> _PROBLEM_:
Print the lines from the one containing "The Silvio Button" through the end of the material below, both included, exactly as they appear and without pictures.

> _STORED DATA_:
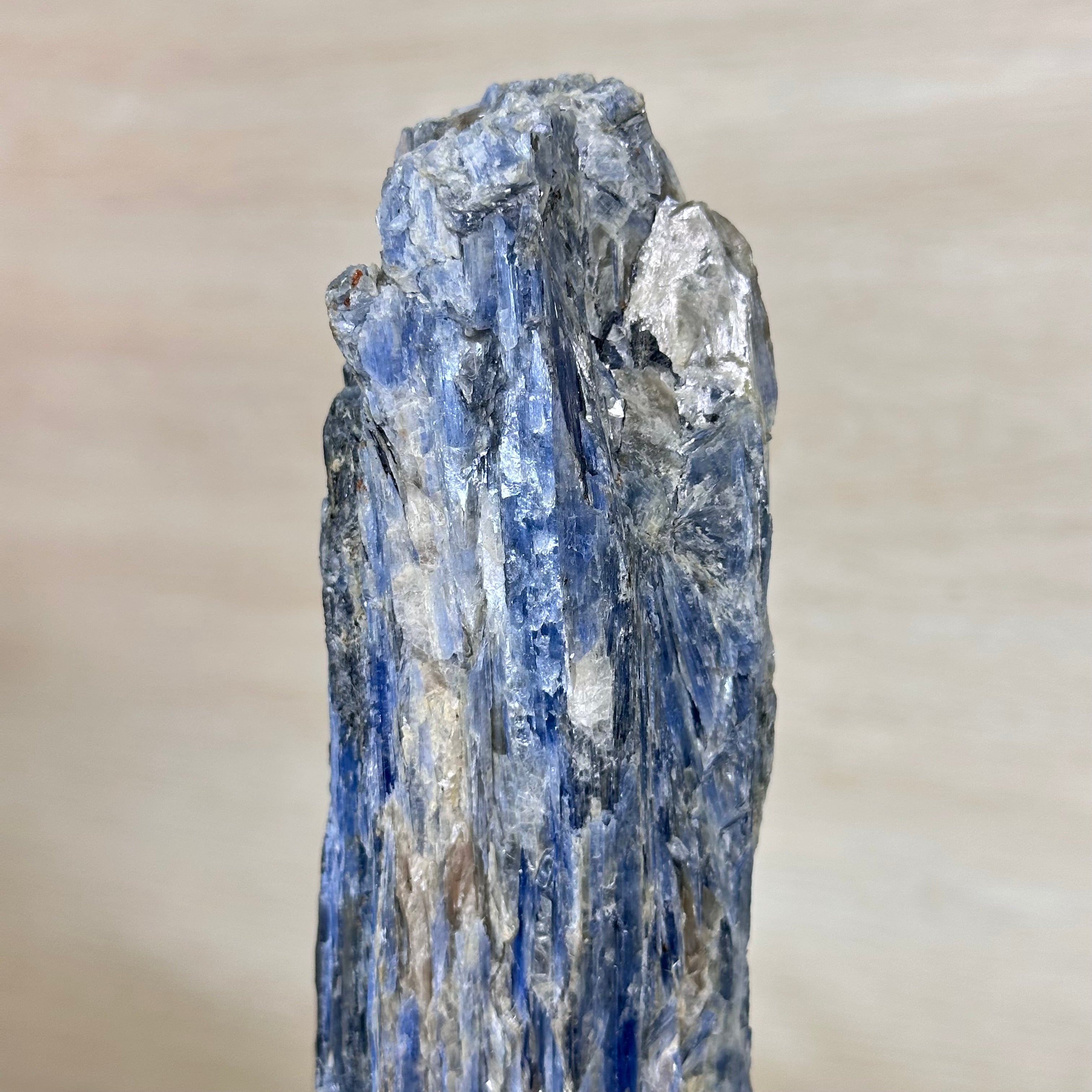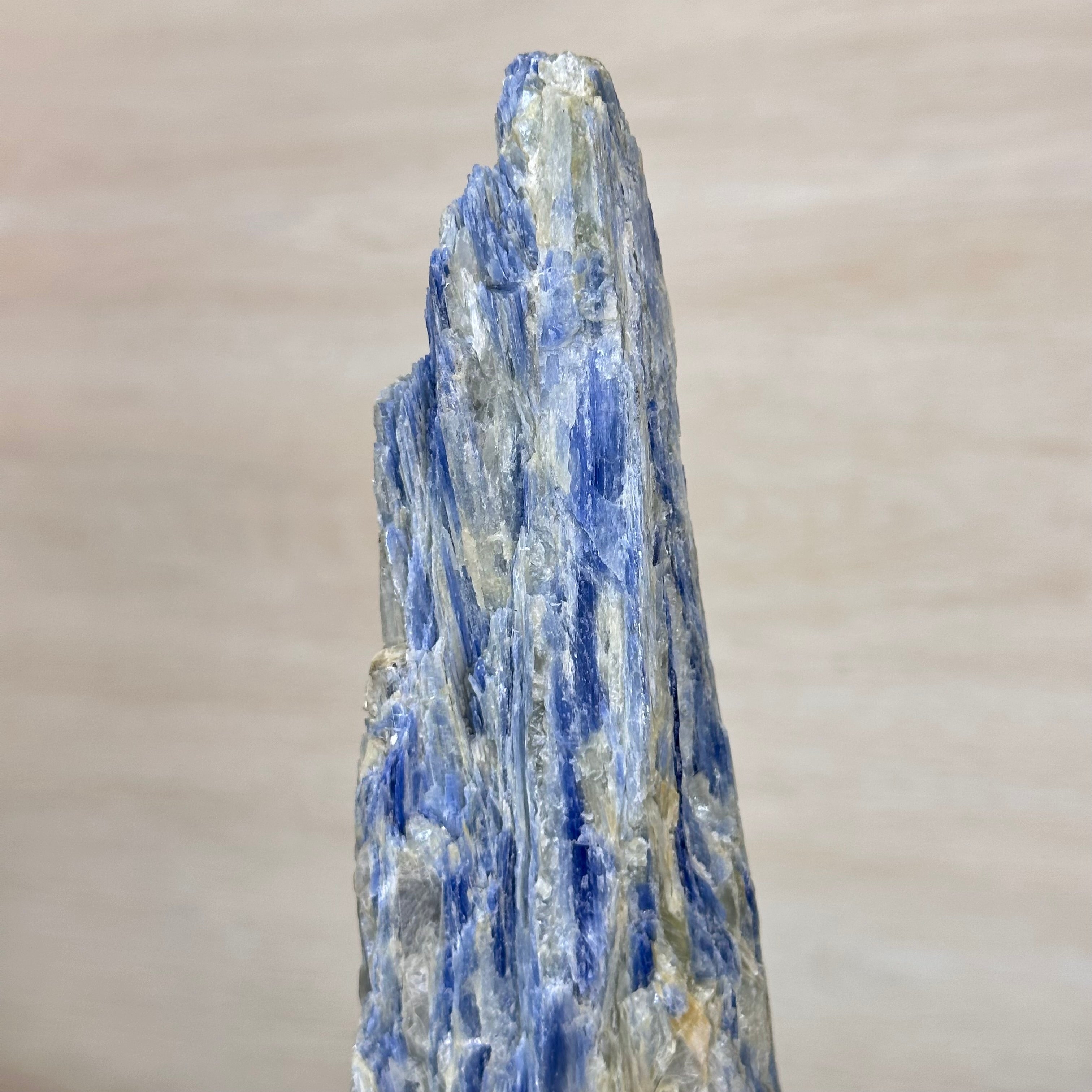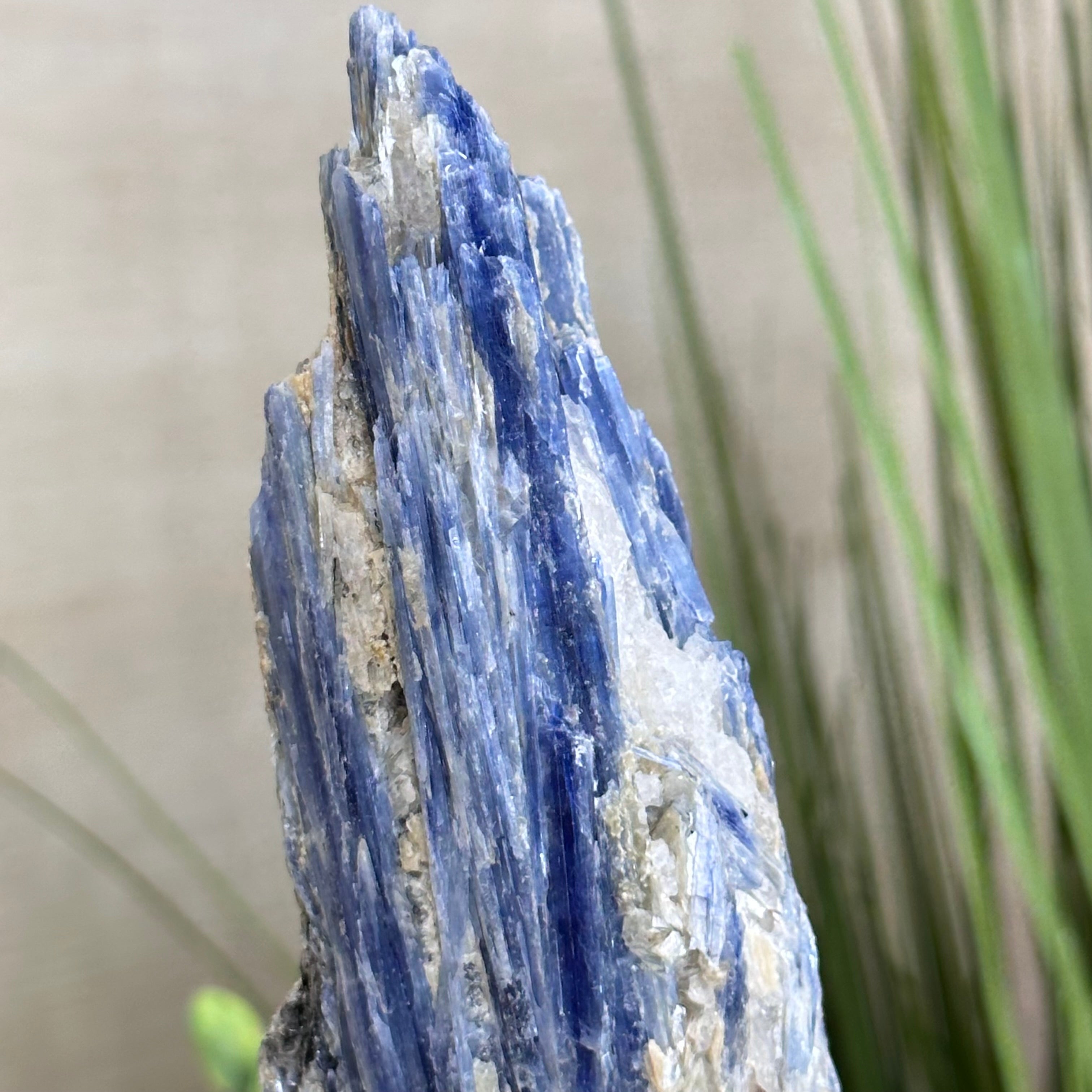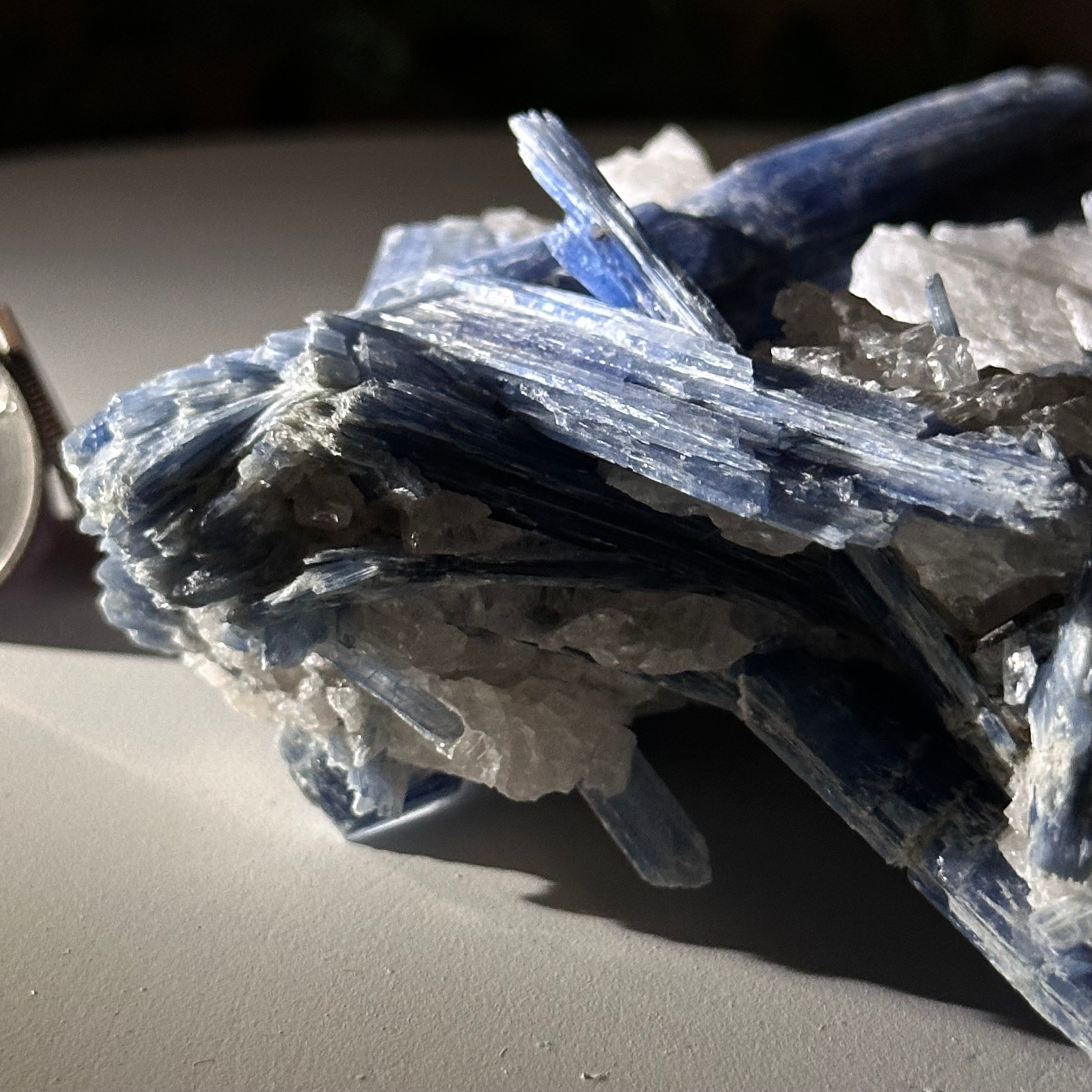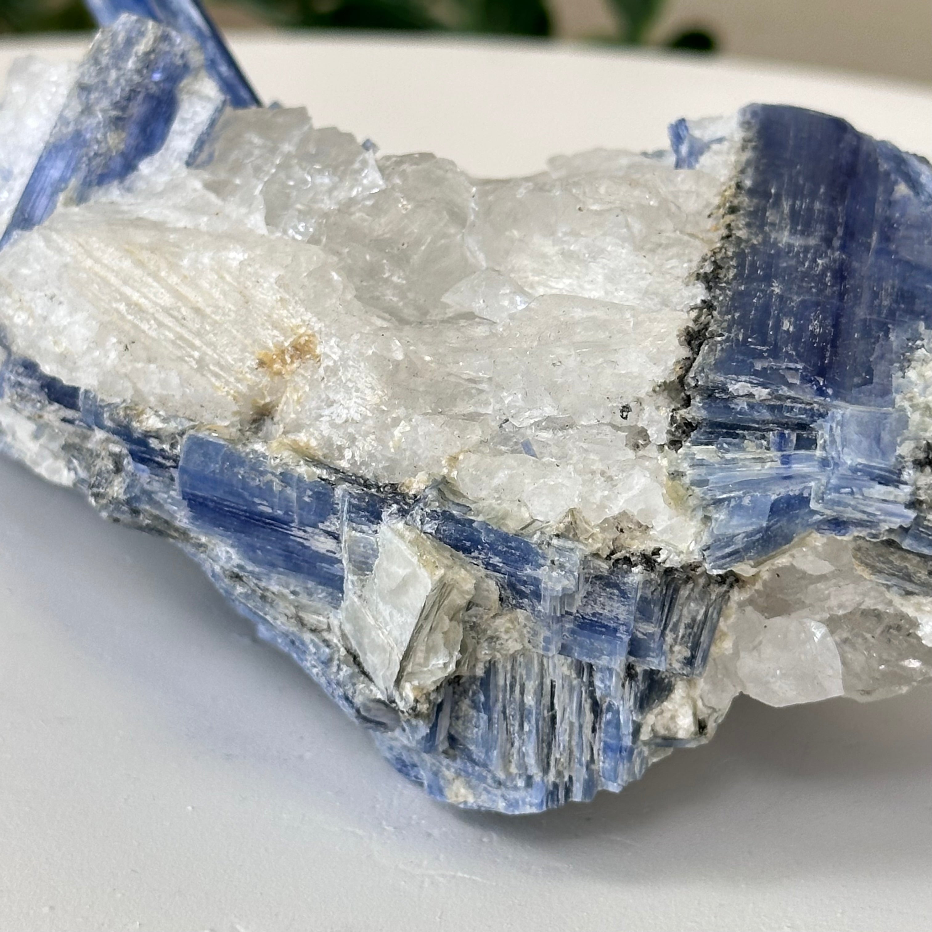 Believers in tantra value and venerate kyanite with the belief it can align chakras, particularly the throat chakra, and encourage psychic abilities. As a focus for meditation, many associate it with high vibrations and repelling negative energy, creating flow through your body and mind. The river of energy that flows through kyanite may reduce inflammation and aid in communication. Kyanite, often present in quartz, is an aluminosilicate mineral, which gives it its shiny, metallic look. Its fibrous characteristics can make it brittle and flaky to the touch.
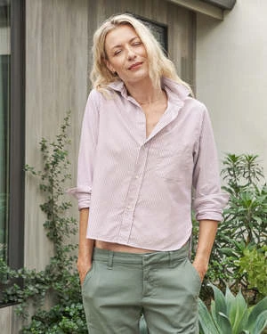 The Silvio Button Up in Wine Stripe by Frank and Eileen a laid back take on modern Italian tailoring featuring a petite square fit and exaggerated back pleat crafted in an heavyweight, cotton, Italian Oxford fabric.
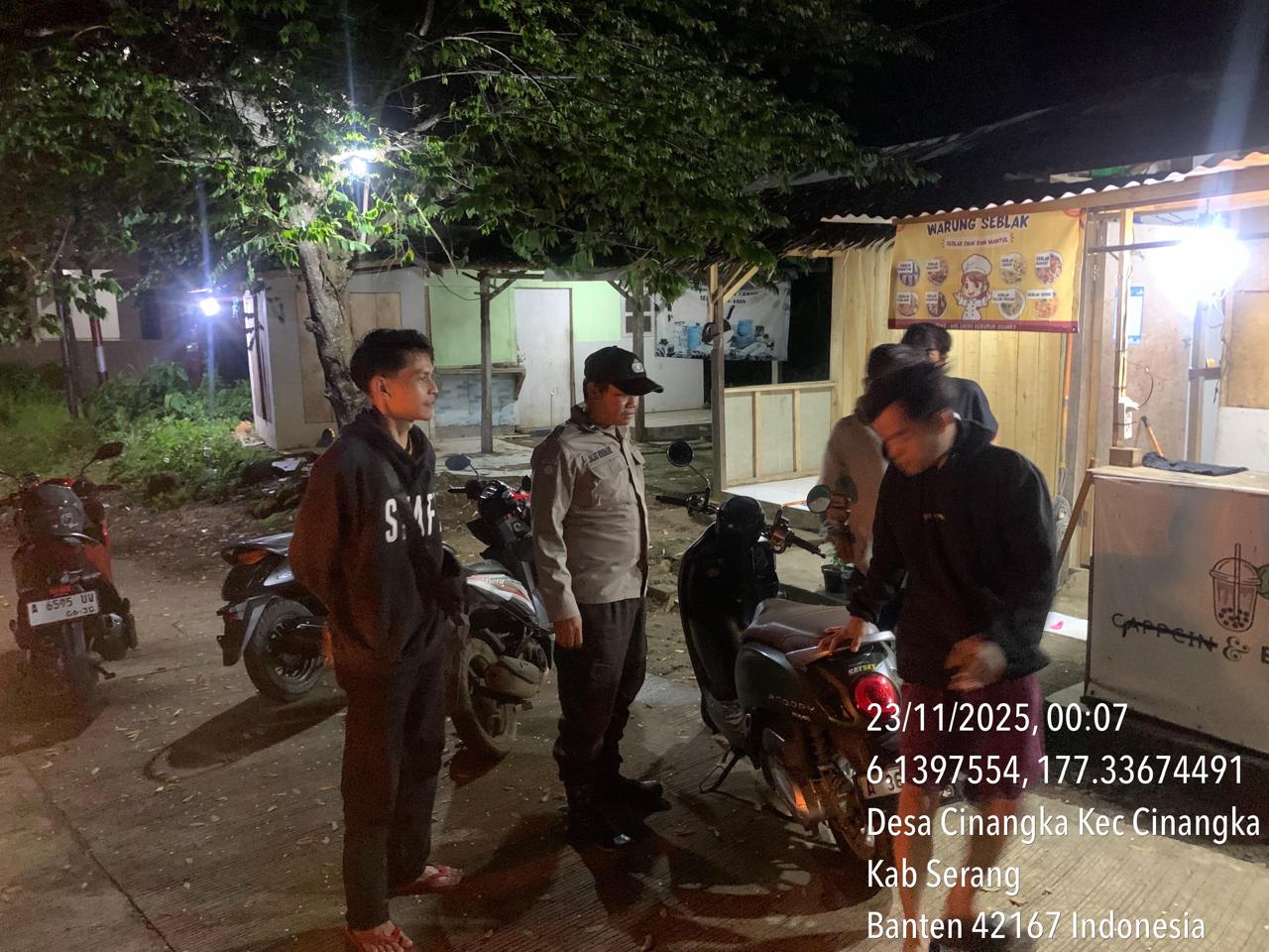 *Polres Cilegon* – Dalam Rangka Pencegahan Kejahatan Jalanan dan Memelihara situasi keamanan dan menjaga serta memberikan rasa aman dan nyaman di masyarakat,Salah satu upaya untuk mewujudkan hal tersebut sebagaimana yang dilakukan oleh Personil Polsek Cinangka Polres Cilegon Polda Banten melaksanakan giat patroli blue light malam hari hingga menjelang pagi, Minggu (23/11/2025).

> _COMPLETED TASK_:
 The Silvio Button Up in Wine Stripe by Frank and Eileen a laid back take on modern Italian tailoring featuring a petite square fit and exaggerated back pleat crafted in an heavyweight, cotton, Italian Oxford fabric.
 *Polres Cilegon* – Dalam Rangka Pencegahan Kejahatan Jalanan dan Memelihara situasi keamanan dan menjaga serta memberikan rasa aman dan nyaman di masyarakat,Salah satu upaya untuk mewujudkan hal tersebut sebagaimana yang dilakukan oleh Personil Polsek Cinangka Polres Cilegon Polda Banten melaksanakan giat patroli blue light malam hari hingga menjelang pagi, Minggu (23/11/2025).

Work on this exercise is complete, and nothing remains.